Single by Fiction Factory

from the album Throw the Warped Wheel Out
- B-side: "Everyone but You"; "This Is";
- Released: 30 December 1983
- Recorded: 1983
- Genre: New wave; sophisti-pop; synth-pop;
- Length: 3:34
- Label: CBS
- Songwriters: Eddie Jordan; Kevin Patterson;
- Producer: Peter Wilson

Fiction Factory singles chronology
| "Ghost of Love" (1983) | "(Feels Like) Heaven" (1983) | "All or Nothing" (1984) |

Music video
- "Fiction Factory – (Feels Like) Heaven" on YouTube

= (Feels Like) Heaven =

"(Feels Like) Heaven" is a song by the Scottish new wave band Fiction Factory, released by CBS Records on 30 December 1983 as the second single from their debut studio album, Throw the Warped Wheel Out (1984). The track was a hit in Switzerland, reaching No. 2 on the singles chart. In the UK, it peaked at No. 6. It also reached No. 10 in Germany, No. 12 in the Netherlands, No. 14 in Sweden, and No. 20 in Austria.

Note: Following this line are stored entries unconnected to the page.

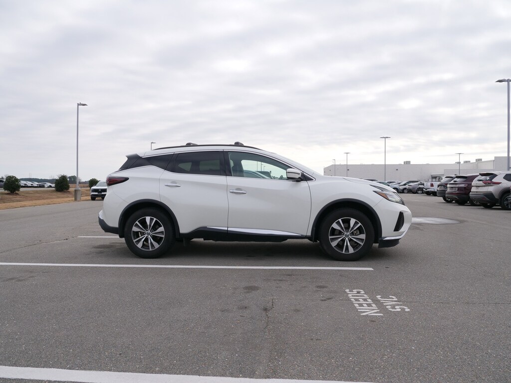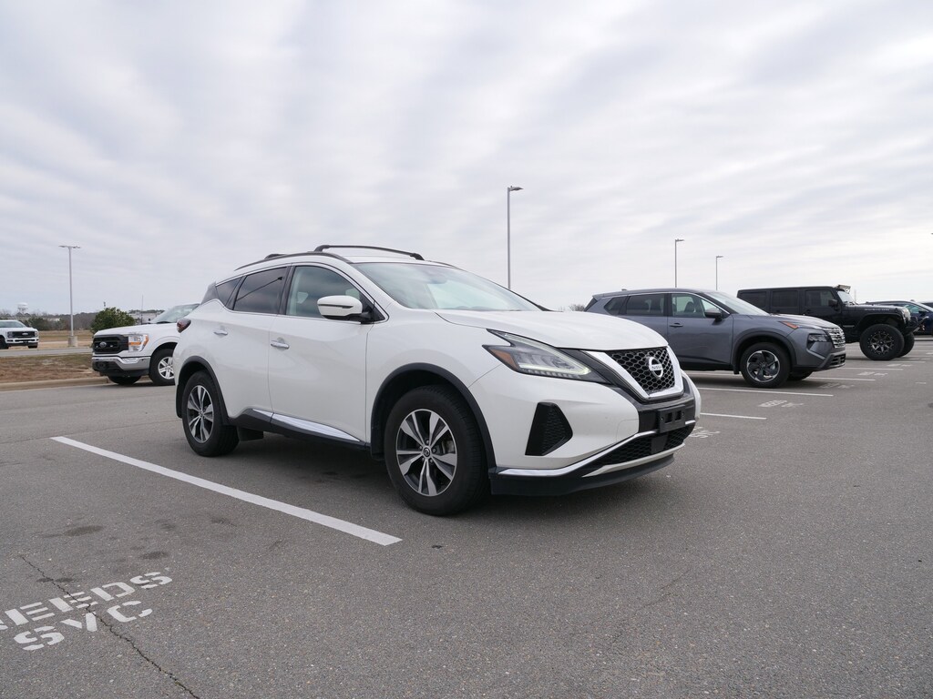 Pearl White Tricoat 2020 Nissan Murano SV 3.5L V6 DOHC 24V CVT with Xtronic FWD CVT with Xtronic, 4-Wheel Disc Brakes, 4.667 Axle Ratio, 6 Speakers, ABS brakes, Air Conditioning, Alloy wheels, AM/FM radio: SiriusXM, AM/FM/CD/MP3/WMA Audio System, Auto High-beam Headlights, Auto-dimming Rear-View mirror, Automatic temperature control, Blind Spot Warning, Brake assist, Bumpers: body-color, Carpeted Floor Mats & Carpeted Cargo Mat, CD player, Child-Seat-Sensing Airbag, Cloth Seat Trim, Delay-off headlights, Driver door bin, Driver vanity mirror, Dual front impact airbags, Dual front side impact airbags, Electronic Stability Control, Four wheel independent suspension, Front anti-roll bar, Front Bucket Seats, Front Center Armrest, Front dual zone A/C, Front reading lights, Fully automatic headlights, Garage door transmitter: HomeLink, Heated door mirrors, Illuminated entry, Knee airbag, Leather Shift Knob, Low tire pressure warning, NissanConnect featuring Apple CarPlay and Android Auto, Occupant sensing airbag, Outside temperature display, Overhead airbag, Overhead console, Panic alarm, Passenger door bin, Passenger vanity mirror, Power door mirrors, Power driver seat, Power passenger seat, Power steering, Power windows, Radio data system, Rear anti-roll bar, Rear Parking Sensors, Rear reading lights, Rear seat center armrest, Rear side impact airbag, Rear window defroster, Rear window wiper, Remote keyless entry, Roof rack: rails only, Roof Rail Cross Bars, Security system, Speed control, Speed-sensing steering, Speed-Sensitive Wipers, Splash Guards, Split folding rear seat, Spoiler, Steering wheel mounted audio controls, Tachometer, Telescoping steering wheel, Tilt steering wheel, Traction control, Trip computer, Turn signal indicator mirrors, Variably intermittent wipers, and Wheels: 18 Machined Aluminum-Alloy.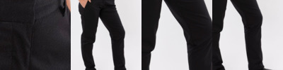 67% polyester/30% cotton/3% Lycra®. Narrow leg with flat front. Part elasticated waistband with belt loops. Zip fly. Two side pockets. Media pocket. Rear patch pocket. Domestic wash 65°C.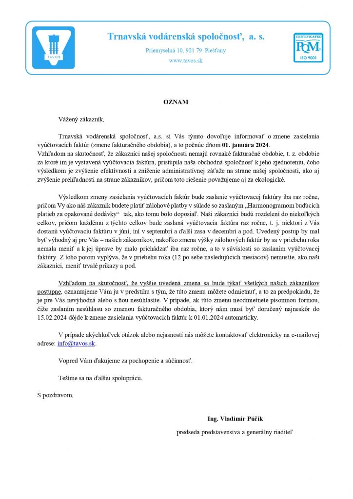 TAVOS, a.s. oznamuje občanom zmenu fakturačného obdobia. Podrobnejšie informácie nájdete v priloženom ozname.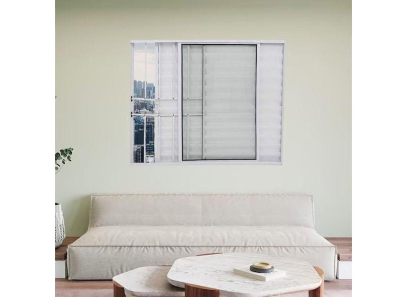 Janela Veneziana de Alumínio 3 Folhas 120 x 150cm com Grade Linha Modular Branco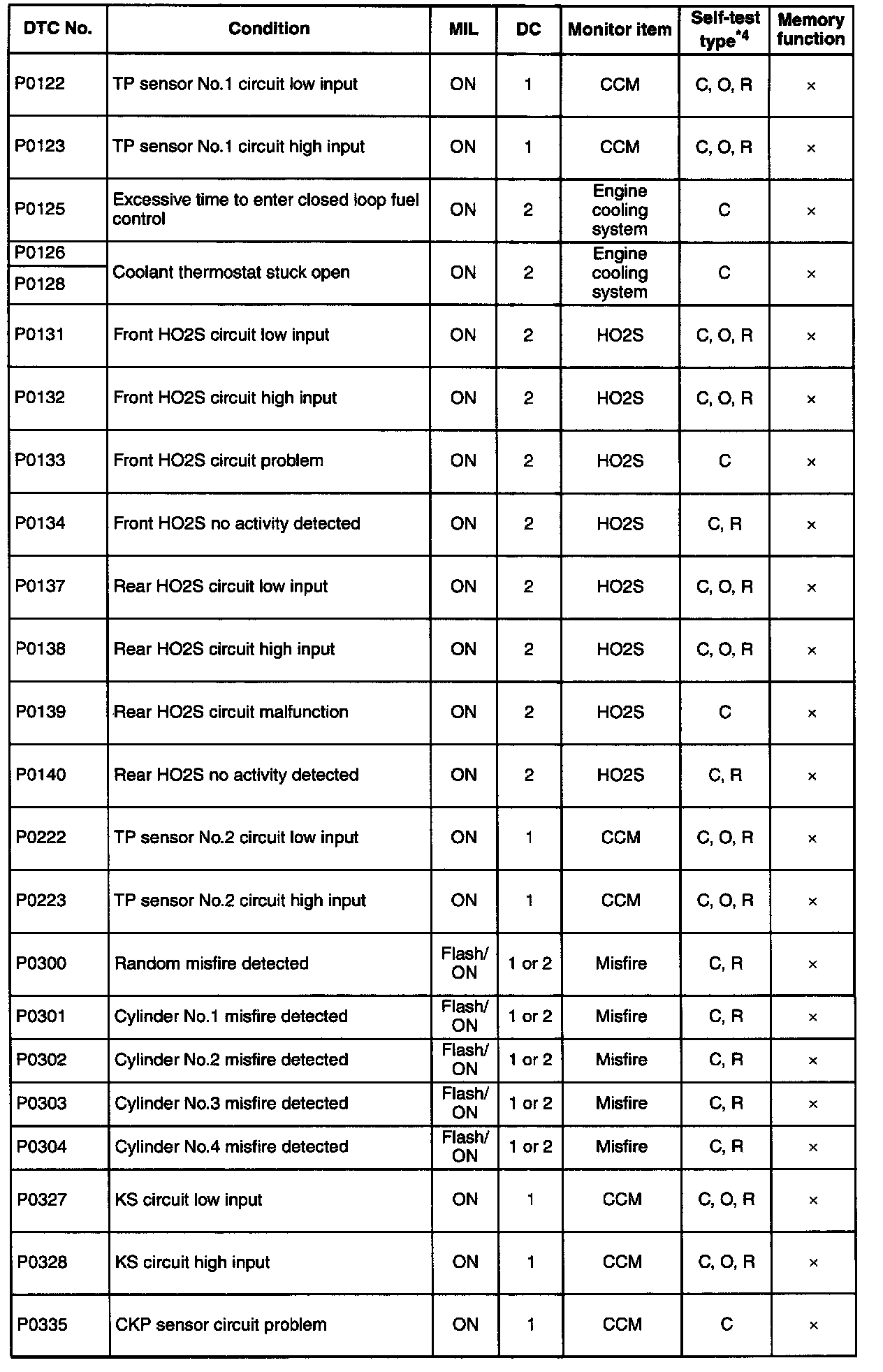 P0122 - P0335: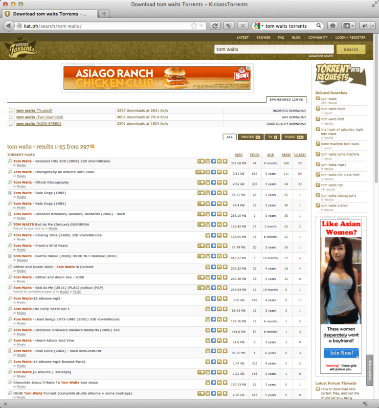 (According to Google, the websites in this screenshot — filestube, 4shared,Kat.ph and Dilandau — are the #1, #6, #11, and #8 top copyright infringing sites in the world.)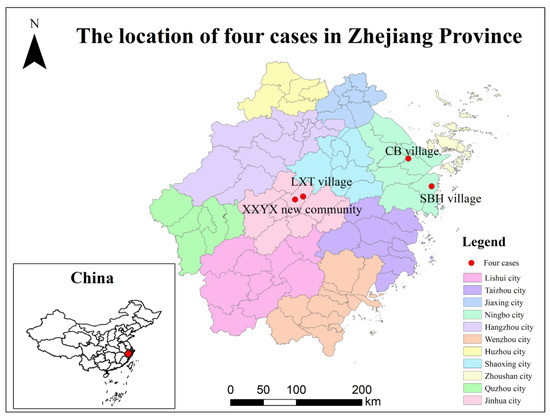 As the analysis was comparative, it was desirable to select cases located in the same city and implemented during the same period to minimize the impact of temporal and spatial effects. Although city and county governments can set their own urban strategies, the institutional arrangements of UVRPs are generally consistent within a city, except for cities involved in pilot reforms. Therefore, it was impossible to select four cases with four different institutional arrangements from a single city in China. As an alternative strategy, we selected four cases from one province to reduce temporal and geographical variations. Ultimately, Zhejiang Province was selected, not only because Zhejiang Province is one of the most economically active provinces in China, but also because Zhejiang Province has accumulated rich practical experience in UVRPs. In 2013, Zhejiang Province decided to carry out the ‘three changes and one demolition’, that is, the renewal of old residential areas, old factories, and urban villages and the demolition of illegal buildings. Zhejiang’s practice of ‘three changes and one demolition’ has been affirmed by the Ministry of Housing and Urban–Rural Development. In addition, under the guidance of policies issued by the central government (Guofa [2015] No. 37), Zhejiang Province has implemented large-scale UVRPs. Therefore, taking Zhejiang Province as a case to analyze the experience of UVRPs can provide valuable references for other areas in China. The study sites for the four cases are presented in Figure 2.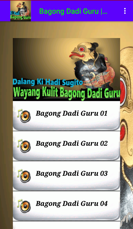 Ciesz się najlepszą kolekcją lalek ze skóry jawajskiej w sztuce Bagong Dadi Guru w wykonaniu Ki Dalang Hadi Sugito. Sztuka Bagong Dadi Guru obraca się wokół jednego z najmłodszych (ale nie mniej popularnych) Punakawan - najmłodszego z Ki Semar. Czy to prawda, że Bagong jest nauczycielem? Jak i dlaczego Bagong został nauczycielem? Zainstaluj i znajdź odpowiedź.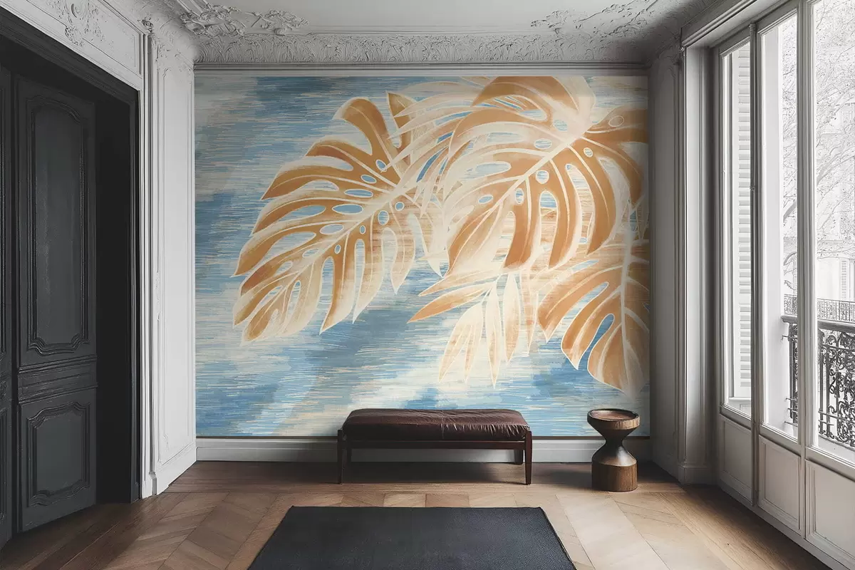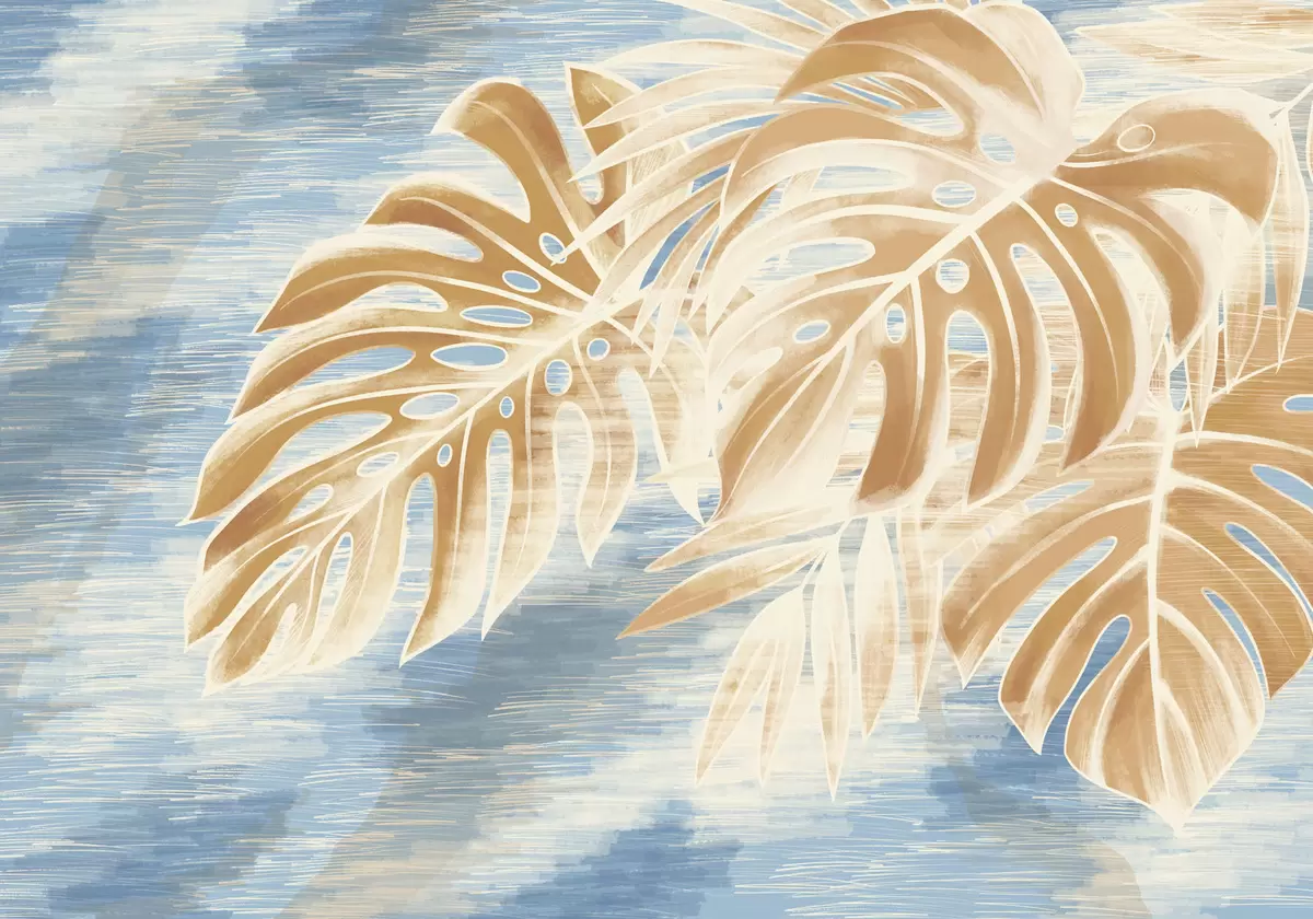 Fototapety Listy v svetlých pieskových odtieňoch na modrom pozadí Nr. w05130v1

The song was written by Kevin Patterson and Eddie Jordan shortly after they had formed Fiction Factory with Chic Medley. The lyric has been described by the band as "an anti-love song", while recognising that it has come to have a different meaning for different people.

The song was referenced in Ariel Pink's 2017 single "Feels Like Heaven".

== Background ==
Fiction Factory was formed in 1982 by vocalist Kevin Patterson, keyboardist Eddie Jordan and guitarist Chic Medley. The trio originally intended to write songs together for other artists rather than perform their own, but they received little record company interest until they formed a full band with the addition of bassist Graham McGreggor and drummer Mike Ogletree. "(Feels Like) Heaven" was written in 1982 and was one of the first songs that Jordan and Patterson wrote together. Speaking of the song, Patterson told Sounds in 1984, "I suppose to some it is milk pop and that was our intention – to write a commercial song that would get the companies interested. But it's not a very subtle song. It's not about loving somebody at all, it's about being loved by someone you absolutely despise."

== Critical reception ==
Upon its release, Ian Birch of Smash Hits wrote: "Imagine a smattering of H_{2}O, China Crisis and The Lotus Eaters with a clean-cut production. One to watch in '84." Tony Jasper of Music Week noted the song "has a fetching feel with a good blend of vocals and backing track". Frank Edmonds of the Bury Free Press gave the song an 8 out of 10 rating and described it as a "truly impressive and pleasing little number, with a relaxed, catchy melody". In the US, David Okamoto of The Tampa Tribune described it as "the song Spandau Ballet would kill for" and "one of the prettiest singles of the year".

== Track listing ==
7"
1. "(Feels Like) Heaven"
2. "Everyone but You"

12"
1. "(Feels Like) Heaven" (remix)
2. "Everyone but You"
3. "This Is"

==Charts==

| Chart (1984) | Peak position |
|---|---|
| Australia (Kent Music Report) | 51 |
| Austria (Ö3 Austria Top 40) | 20 |
| Belgium (Ultratop 50 Flanders) | 10 |
| Ireland (IRMA) | 4 |
| Netherlands (Dutch Top 40) | 12 |
| Netherlands (Single Top 100) | 16 |
| New Zealand (Recorded Music NZ) | 24 |
| Paraguayan Singles Chart | 1 |
| Sweden (Sverigetopplistan) | 14 |
| Switzerland (Schweizer Hitparade) | 2 |
| UK Singles (Official Charts) | 6 |
| West Germany (GfK) | 10 |

== Certifications ==

| Region | Certification | Certified units/sales |
| United Kingdom (BPI) | Silver | 200,000^{‡} |
^{‡} Sales+streaming figures based on certification alone.

== Dario G version ==
In 2003, the song was recorded by the English dance group Dario G, titled "Heaven Is Closer (Feels Like Heaven)". The single reached the UK top 40, peaking at number 39 on the UK Singles Chart. It also charted in several other countries across Europe. This version mainly uses the "heaven is closer" refrain at the end of the original song as its hook.